Repeat exactly the lines of the records below, starting at the line containing "Top case con" and ending at the line containing "Dot-by-Letter includes 20". Leave the pictures out.

Segment Start: DATA UNDER STUDY

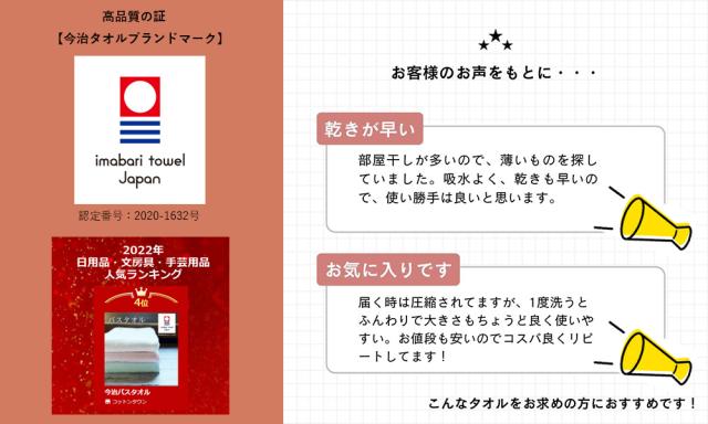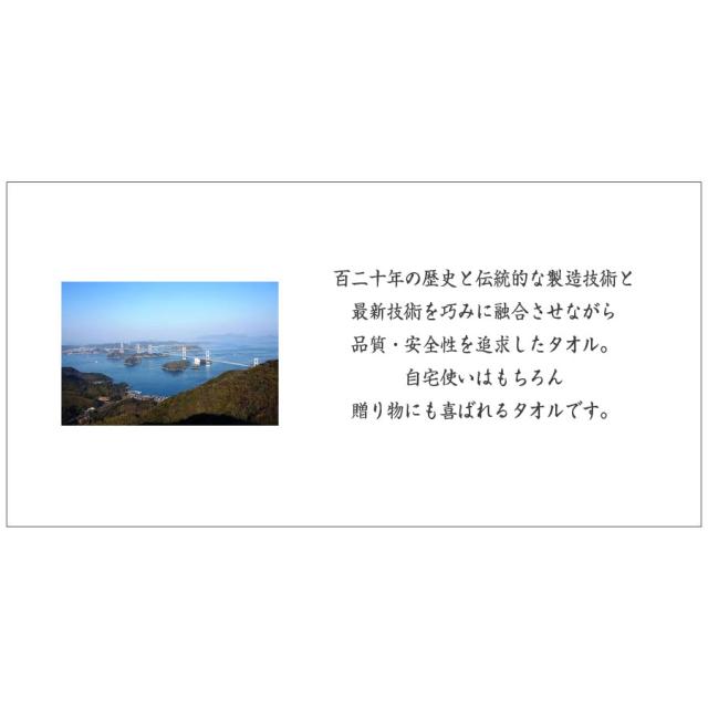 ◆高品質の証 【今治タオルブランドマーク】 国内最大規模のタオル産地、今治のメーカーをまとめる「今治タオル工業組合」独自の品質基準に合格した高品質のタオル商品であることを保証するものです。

Segment End: DATA UNDER STUDY
Segment Start: DATA UNDER STUDY

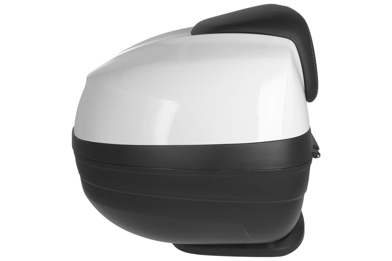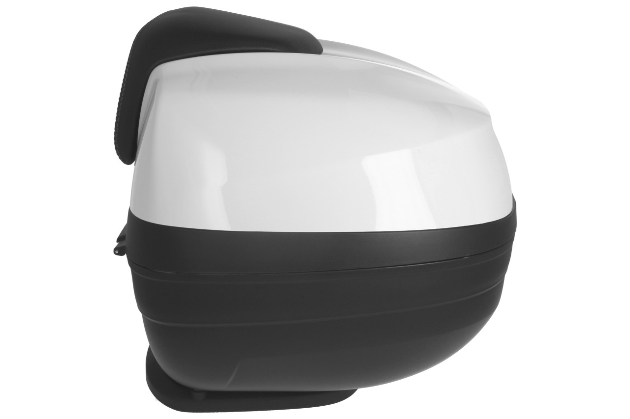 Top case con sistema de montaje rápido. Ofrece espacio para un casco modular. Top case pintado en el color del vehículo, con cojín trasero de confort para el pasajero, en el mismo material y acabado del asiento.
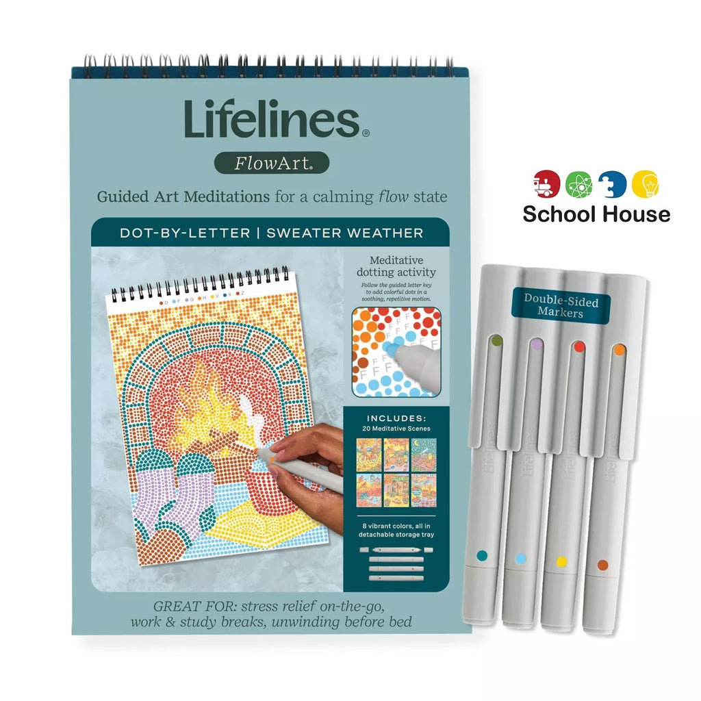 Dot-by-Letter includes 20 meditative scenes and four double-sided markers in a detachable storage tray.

Segment End: DATA UNDER STUDY

TASK ANSWER:
 Top case con sistema de montaje rápido. Ofrece espacio para un casco modular. Top case pintado en el color del vehículo, con cojín trasero de confort para el pasajero, en el mismo material y acabado del asiento.
 Dot-by-Letter includes 20 meditative scenes and four double-sided markers in a detachable storage tray.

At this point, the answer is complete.